Fertility Specialization and Professional Women: Dr. Wiyatta’s Guide to Counseling Niches
So, you want to start or grow your private practice. Maybe you want to build a life you actually like, one filled with coffee breaks, the clients who light you up, and, dare we say it, the ability to take Mondays off just because you want to. If that’s even remotely you, then settle in and grab a cozy seat, because Dr. Wiyatta’s story is about to become required listening (and reading) for every therapist craving more freedom and fulfillment on their private practice journey.
In a lively conversation, Dr. Wiyatta (she/her), forensic psychologist, women’s advocate, fertility support trailblazer, bi-coastal entrepreneur, pulls back the curtain on what it really takes to build a business that’s not just profitable, but deeply satisfying. Spoiler alert: it doesn’t look like what you think it has to.

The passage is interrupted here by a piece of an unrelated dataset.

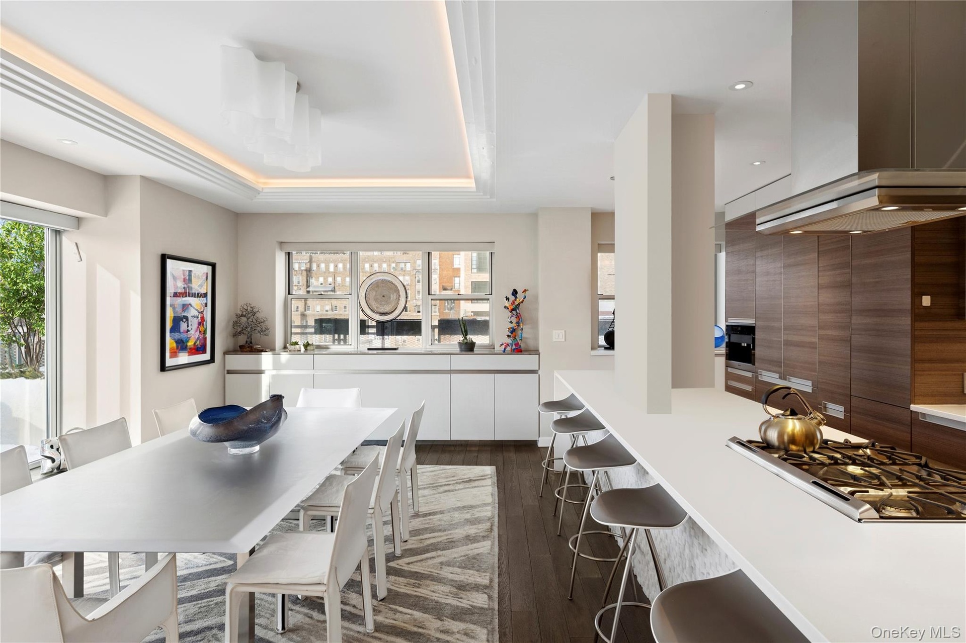The chef’s kitchen features sleek Poggenpohl cabinetry, top-of-the-line appliances, Caesarstone countertops, a built-in coffee station, and a water filtration system, blending refined design with everyday functionality.
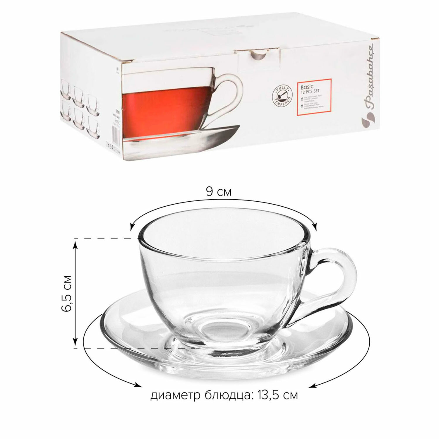 Набор чайный на 6 персон (6 кружек 215 мл, 6 блюдец), стекло, PASABAHCE "БЕЙЗИК", фирменная подарочная упаковка, 97948

Nor does it require becoming an insurance-billing robot or burning out for your badge of ‘caring professional’.
Below, we’ll walk through the top takeaways, mindset shifts, and practical strategies Wiyatta shared to help you design your own thriving, authentic private practice. (We include her best quotes, exactly as she said them. Because honestly? You can’t improve on this level of honest wisdom.)
Ready to break the ‘shoulds’ and build a business that feels like yours? Let’s dive in!
Why Private Practice? It’s About Autonomy (and a Little Bit of Rebellion)
If you’ve ever felt uneasy asking for time off, or squirmed under micromanagement, consider yourself in good company.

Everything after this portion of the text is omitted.